> [Data shown]:
********************

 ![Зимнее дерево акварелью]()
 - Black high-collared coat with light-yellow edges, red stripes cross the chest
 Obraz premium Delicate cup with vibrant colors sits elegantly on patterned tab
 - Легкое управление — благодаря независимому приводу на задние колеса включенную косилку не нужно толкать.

********************

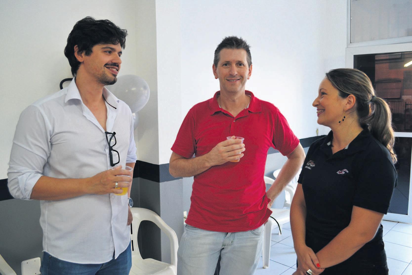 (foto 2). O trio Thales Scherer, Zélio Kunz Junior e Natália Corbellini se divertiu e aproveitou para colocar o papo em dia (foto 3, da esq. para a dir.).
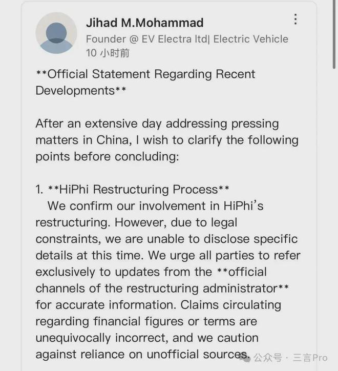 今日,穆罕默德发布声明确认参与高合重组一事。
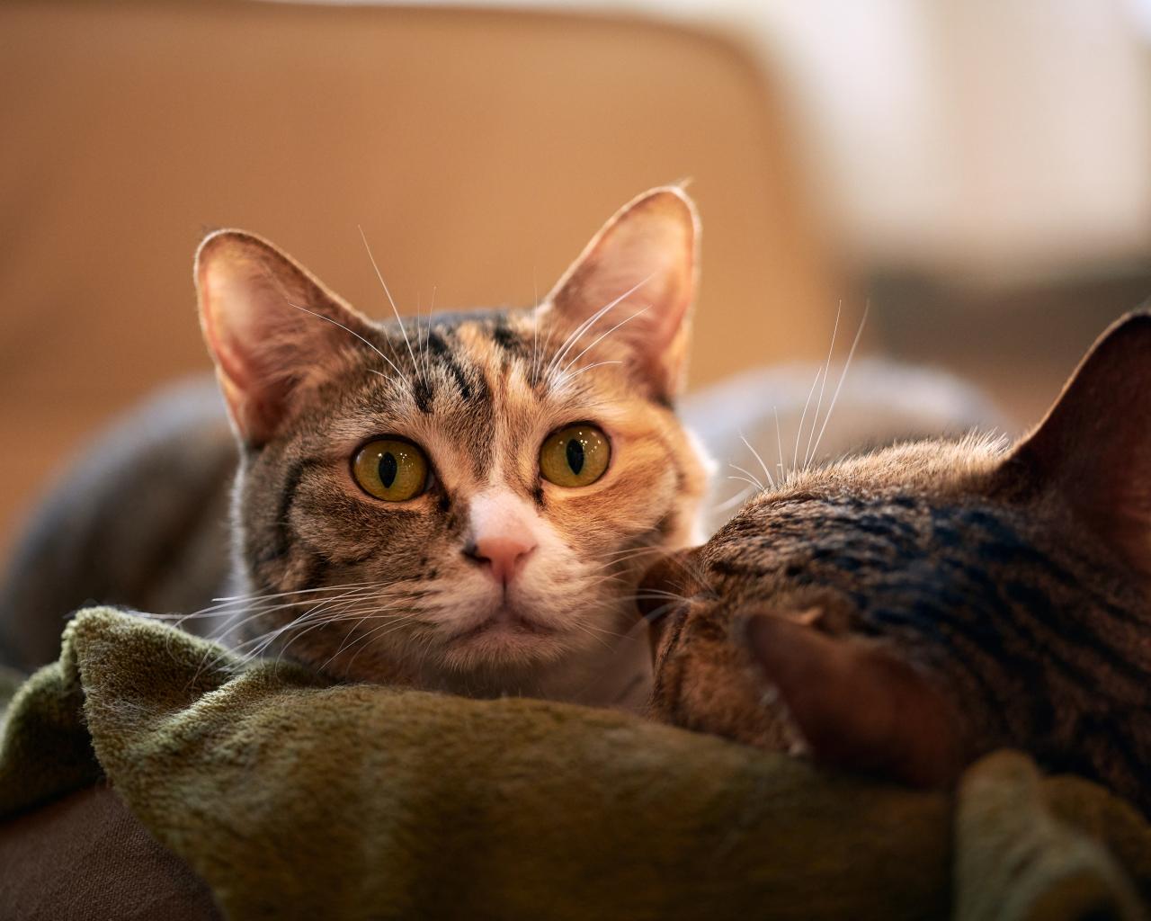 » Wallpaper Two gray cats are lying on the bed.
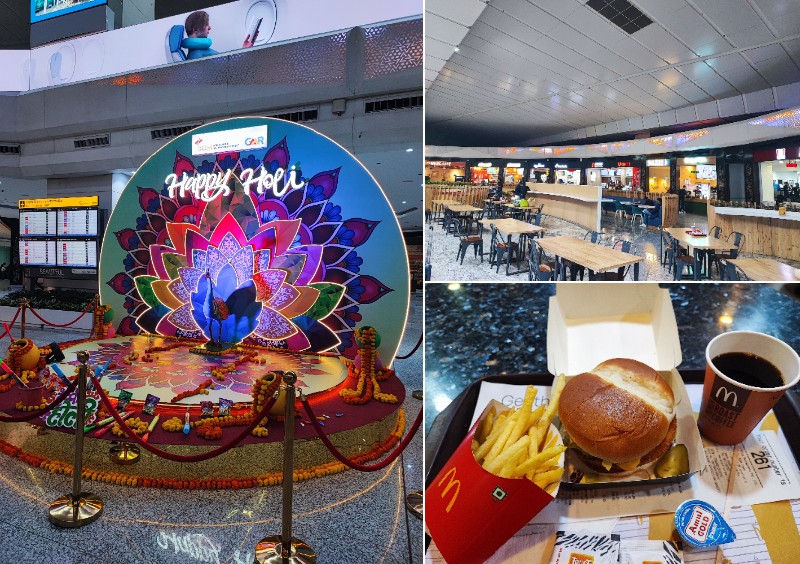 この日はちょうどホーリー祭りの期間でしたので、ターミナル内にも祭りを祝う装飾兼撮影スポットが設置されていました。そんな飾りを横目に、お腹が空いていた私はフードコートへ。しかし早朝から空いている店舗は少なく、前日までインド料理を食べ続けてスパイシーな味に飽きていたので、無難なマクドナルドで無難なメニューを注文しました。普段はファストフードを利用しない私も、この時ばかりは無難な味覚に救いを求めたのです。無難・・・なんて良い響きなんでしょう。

********************

> [Exercise aim]: In the listing above, find the line containing "on the bed." and the line containing "この日はちょうどホーリー祭り", then return both of them and every line between, exactly, without pictures.

> [Response to the task]:
 » Wallpaper Two gray cats are lying on the bed.
 この日はちょうどホーリー祭りの期間でしたので、ターミナル内にも祭りを祝う装飾兼撮影スポットが設置されていました。そんな飾りを横目に、お腹が空いていた私はフードコートへ。しかし早朝から空いている店舗は少なく、前日までインド料理を食べ続けてスパイシーな味に飽きていたので、無難なマクドナルドで無難なメニューを注文しました。普段はファストフードを利用しない私も、この時ばかりは無難な味覚に救いを求めたのです。無難・・・なんて良い響きなんでしょう。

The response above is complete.